Not saying dense-mode FCoE is not better, but even the above-mentioned design is not bad and you can easily maintain air-gap separation (if you truly want it - not sure why you'd be so rigorous apart from religious reasons) with proper VLAN assignments.
We also need to discuss once how dumber boxes (port extenders) add architectural flexibility :-P
However, if the upstream NPV or FCF had port exenter capabilities, the blade switch would be a simple port extender and no FIP Snooping is required. Since every ENode in the blade chassis is now directly connected to the upstream NPV or FCF, there is no need to manually configure ENode MAC addresses.
The ability to extend the capabilities of the upstream device down to the servers provided the architectrual flexibility, and simplicity. :-)
Think about it this way, with a FIP Snooping blade switch how would you provision ENode-A in VSAN1 and ENode-B in VSAN2? How would you do that without needing to know the MAC address of each ahead of time? Good luck.
On the other hand, with a port extender (FEX) as the blade switch, each ENode has its own virtual Ethernet interface on the upstream FCF/NPV, so you can for example provision VSAN based on interfaces, without ever needing to care one bit about MAC addresses.
thanks for the post and the follow-up discussions , the QFabric looks nice at different levels and the developers have interesting ideas . From a storage point of view it looks nice as long as you don't want to get ride from day one (two) of your native FC equipments ( most deployment scenarios will probably not ) as the NPV only storage won't work on it's own , so seems like a full blown FCoE only storage architecture ( without 3rd party native SAN ) with QFabrc is today not possible but certainly will be in the future.
The article title mentioned TRILL so from a protocol point of view apparently the mpls-like DCF is not supporting the TTL desired field and is relaying on the loop free Tree only.
At the end I think people will be especially focused on the 40GIG ( ethernet ??) uplinks capabilities :) as all the emerging protocols are promised tol be simply a hidden c-plane from a user point of view.

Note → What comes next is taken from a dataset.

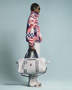 La primera incluye cortavientos y pantalones cortos con patrón técnico, bolsas de gran tamaño confeccionadas en lona impermeable y un pañuelo marinero repelente al agua con el monograma, en el caso de las propuestas para mujer. Todo, anclado por la zapatilla LV Rush creada por el director creativo de Vuitton, Nicolas Ghesquière, para la colección Crucero 2024. Para los chicos, las nuevas zapatillas Barracuda se presentan en blanco con el logotipo de la V en rojo y negro.

As you increase the number of ports (and the number of VMs behind those ports) this can become quite daunting. The N4k limits those number of ports to 16 server-facing, but IIRC some of the new switches from Juniper and others are 48-port FIP snooping switches. With VMs on the other end of those ports it can be an awful lot of manual hunting for problematic hosts.
BTW, you might want to write "SAN fabric" not just "fabric". Fabric with our without Q can mean anything today, including the material from which my 20-year-old Cisco T-shirt is made :-P
The MAC address problem Brad mentioned is even more intriguing. I had to go back to FC-BB-5 and really study it to figure out what the issue is. Definitely yet another post (Brad, you don't need to write them, I will ;) )